È interessante ver que as duas famílias eram comerciantes, ou seja, vendiam coisas que outros fabricavam (nada contra comerciantes), mas nota-se que não produziam nada e viviam de comerciar o trabalho de outros, é interessante verificar que pessoas assim não produzem nada pro Reino de Deus, apenas sobrevivem do trabalho de outros, muitas vezes dependendo de quem esteja fazendo o trabalho fazem de tudo para que fracasse. Deveriam ver o que Jesus diz “... Uma casa dividida não prevalece...”(Marcos 3:25), após alguns anos se verificarmos estas famílias vamos ver a conseqüência: Irmãos brigados, pais que choram a situação da família e se perguntando aonde erraram.


Ás vezes, tentam demonstrar uma espiritualidade hipócrita, tentando demonstrar preocupação com o NÃO CRESCIMENTO DA IGREJA, mas esquecem que são verdadeiros Acãs, escondendo dentro de suas tendas o pecado de não perdoar ao seu irmão, e ainda trazendo maldição sobre sua família influenciando-os e incentivado-os á não perdoar. Lembre-se quantas vezes vemos famílias destruídas por eternizar certos pecados. Ainda mais quando pensamos que este é um pecado abominável aos olhos de Deus (Provérbios 6:16-19).

Mas irmãos, esta história ainda não está acabada, ainda podemos mudar o rumo dela, vamos aprender a nos perdoar “setenta vezes sete” (Mateus 18:20), e aprender a benção de viver em comunhão com os irmãos (Salmo 133:1) e ver como é bom ter o mesmo coração (Atos 4:32) e assim nossa igreja estará caindo na graça do povo (Atos 2:47) e ver uma multidão de pessoas achegando-se à Deus pelo nosso amor como irmãos(I João 3:18). Esta decisão cabe apenas a você, lembre-se do que diz I João 1:9.

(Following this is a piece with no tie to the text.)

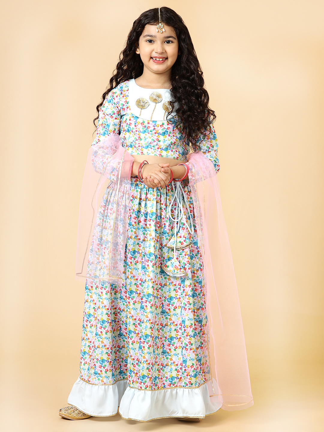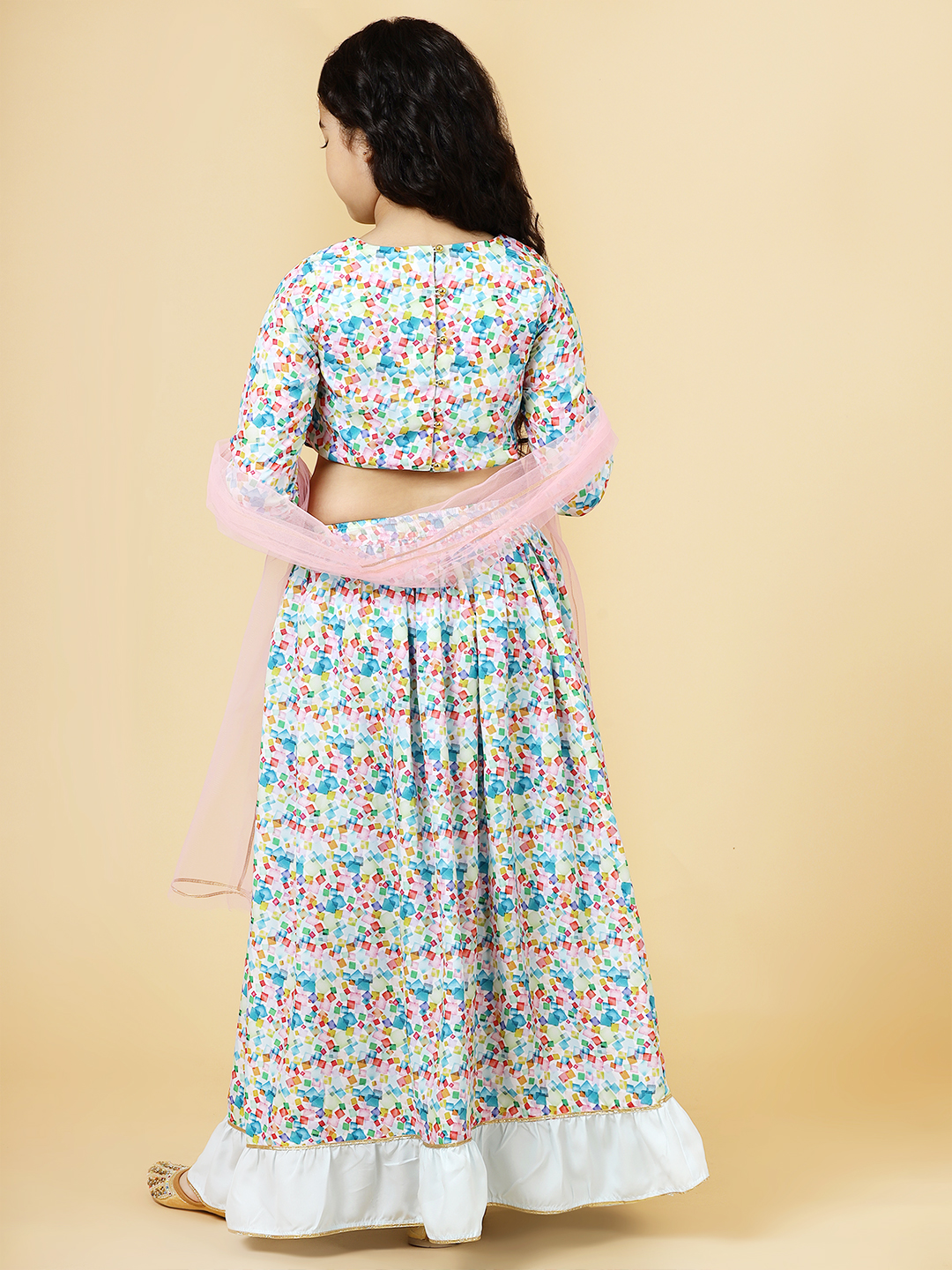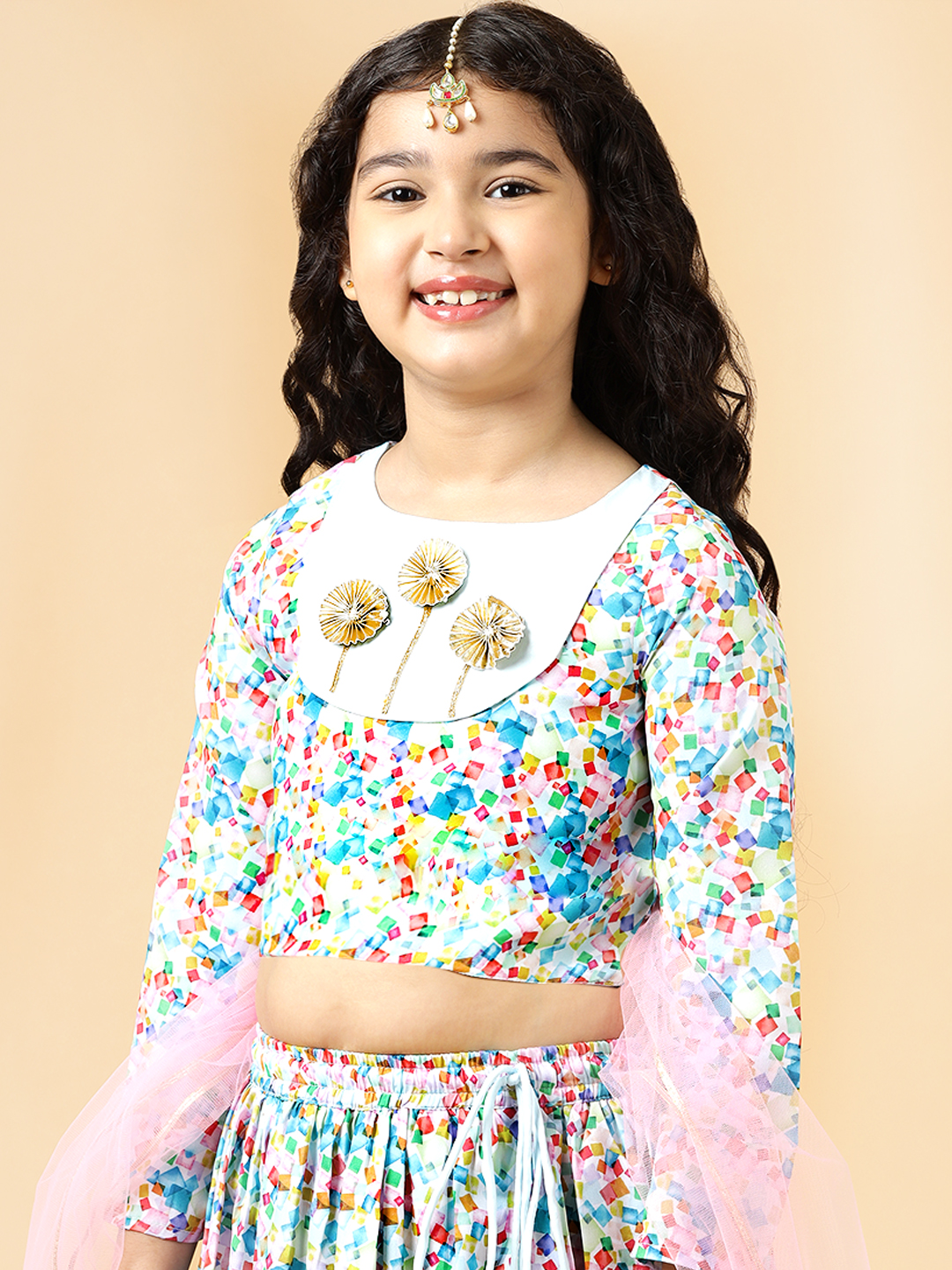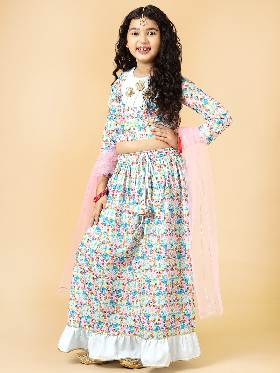 Festive season calls for a one-of-a-kind style for your little girl! This Flora Patch Lehenga Set designed by A.T.U.N. is the perfect Indian wear for her. Beautiful silhouette teamed with the perfect details add to its style quotient. Making it a must-have occasion wear for her.

Ao ler este devocional talvez a primeira pessoa que você deva se esforçar para perdoar seja eu. Porém este devocional foi escrito para lhe ferir (Provérbios 27:6) e lhe fazer tomar uma atitude e quero lhe incentivar a mudar de posição quanto ao perdão. Talvez pense que este devocional foi “encomendado”, sim foi encomendado por Deus e direcionado para você e para mim. A falta de perdão traz doenças físicas e espirituais para você principalmente, mas também contamina a igreja. Deus te abençoe e te faça tomar a decisão certa.


E aí irmão você quer ser conhecido como Montécchio, Capuleto ou Filho de Deus?